Mais il réussit à se maîtriser et leva les yeux vers le plafond transparent. Ils étaient en orbite aréostationnaire, bien sûr, et ils ne pouvaient observer que Tharsis. À cette distance, c’était comme l’un des premiers clichés des sondes Mariner : une grosse boule orange avec ses volcans, et Noctis Labyrinthus, les canyons, le chaos…

— Quand es-tu redescendue ? demanda-t-il.

— En Ls 60. Je redescends régulièrement, tu sais.

Elle souriait.

— Et tu t’installes où ?

— Dans les dortoirs de l’AMONU.

Oui, se dit-il. Et elle s’activait dur pour briser le traité de l’ONU.

Mais ça faisait partie de son job. L’AMONU l’avait nommée à ce poste pour ça. Directrice de l’ascenseur et chargée des intérêts miniers. Quand elle quitterait l’ONU, on déploierait des tapis rouges devant elle pour n’importe quel poste. La reine de l’ascenseur. Le débarcadère dont dépendait une bonne partie de l’économie martienne. Elle aurait à sa disposition tous les fonds de n’importe quelle multinationale à laquelle elle choisirait de s’allier.

Et tout cela était apparent. Dans sa démarche, dans son sourire, dans ses remarques mordantes. Certes, elle avait toujours été un peu stupide. Frank serrait les dents. Apparemment, l’instant était venu de frapper fort dans le bon vieux style US, s’il lui en restait un peu.

— La majorité des transnationales détiennent des holdings aux States. Si le gouvernement américain décidait de geler leurs biens, parce qu’elles auraient violé le traité, elles en seraient considérablement ralenties, et certaines s’effondreraient.

— Mais vous ne le ferez jamais. Ça mettrait le gouvernement lui-même en banqueroute.

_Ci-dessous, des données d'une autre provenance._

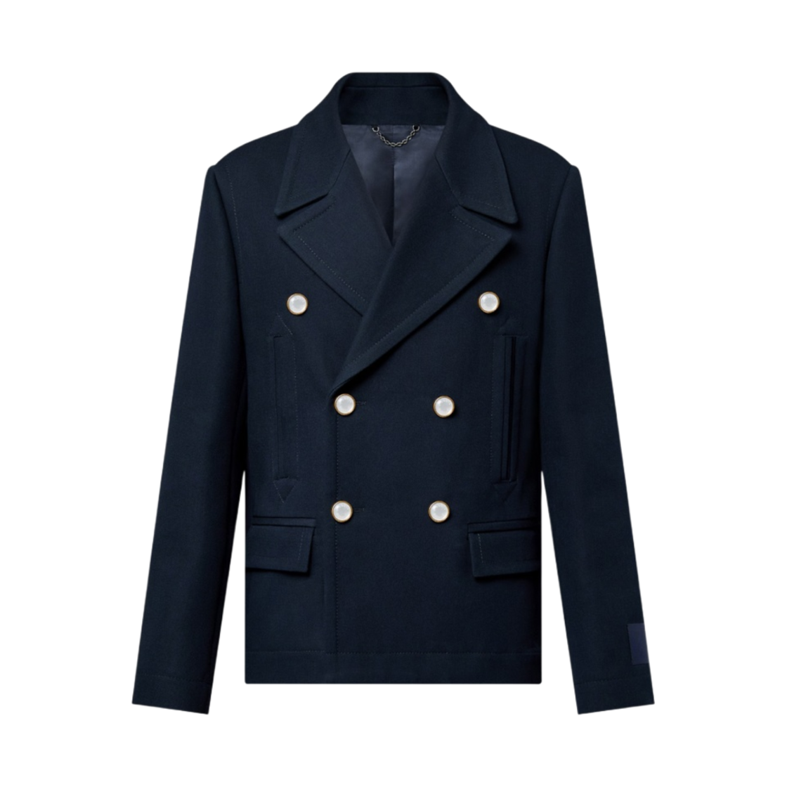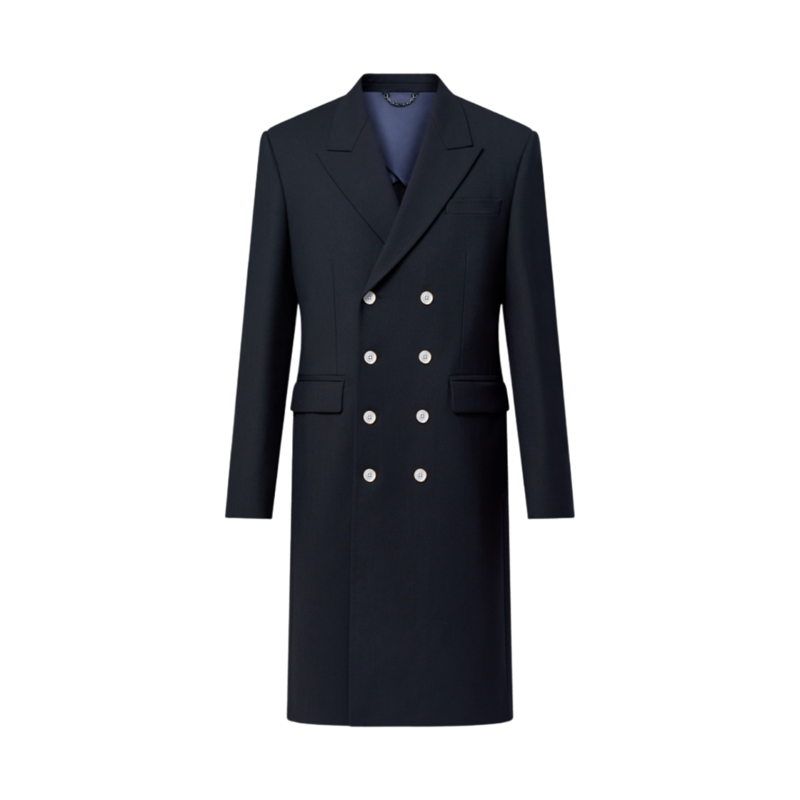 루이비통 더블 브레스티드 테일러드 울 블렌드 코트 네이비 블루

— Ce qui équivaut à menacer un mort de pendaison. Quelques zéros de plus dans le schéma représentent un niveau supplémentaire dans l’irréalisme, ce que nul ne peut plus imaginer. Les seuls capables de ça sont tes cadres des transnats. Ils assument la dette, mais tout le monde se fout de leur argent. Il me faudrait une minute pour en convaincre Washington, et tu verras comment ça va se passer. Quoi qu’il advienne, c’en sera fini de ton petit jeu. (Il leva la main en un geste de colère.) Et alors, quelqu’un d’autre viendra s’installer ici et… (Il lui vint une intuition soudaine :) Tu te retrouveras à Underhill.

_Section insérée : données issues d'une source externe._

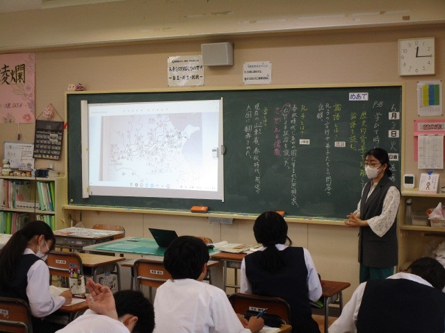 3年2組(国語)「学びて時に之を習ふ」 公開日 2025/06/03 更新日 2025/06/03 3年生に関すること 歴史的背景を理解した上で「論語」を読むというめあてで学習を進めていました。孔子の教えは今も生きていますね。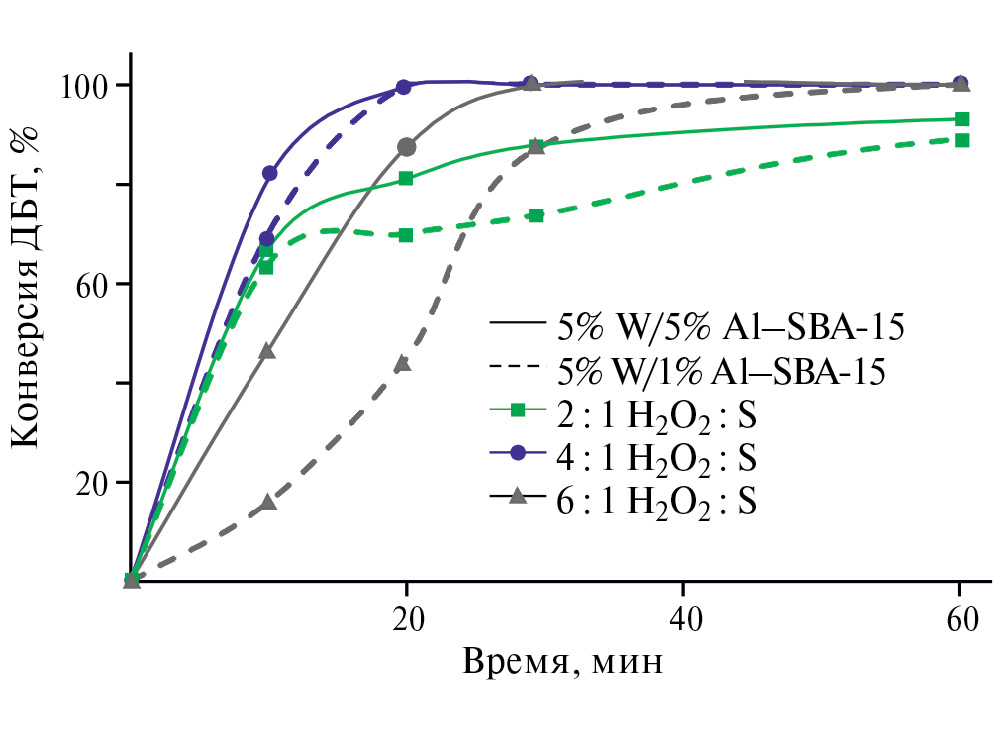 Для определения оптимального количества окислителя проводилось варьирование его концентрации от двух- до шестикратного избытка по отношению к сере. За 30 мин реакции удается достичь полного окисления ДБТ при использовании катализатора 5% W/5% Al–SBA-15 и четырехкратном избытке окислителя пероксида водорода (рис. 8); снижения количества окислителя в два раза недостаточно для достижения той же активности катализатора. Кислый катализатор обладает большей активностью благодаря более высокому содержанию центров Льюиса, а при увеличении количества окислителя в шесть раз наблюдается агрегация катализатора, что препятствует процессу окисления ввиду недоступности активных центров катализатора.

Ce qui éveilla enfin son attention, c’était évident. Son mépris s’atténua.

— Il n’existe pas un individu qui puisse à lui seul convaincre Washington de quoi que ce soit. Là-bas, on marche sur du sable mouvant. Tu diras ce que tu as à dire, et moi aussi, et nous verrons bien qui de nous deux a le plus d’influence.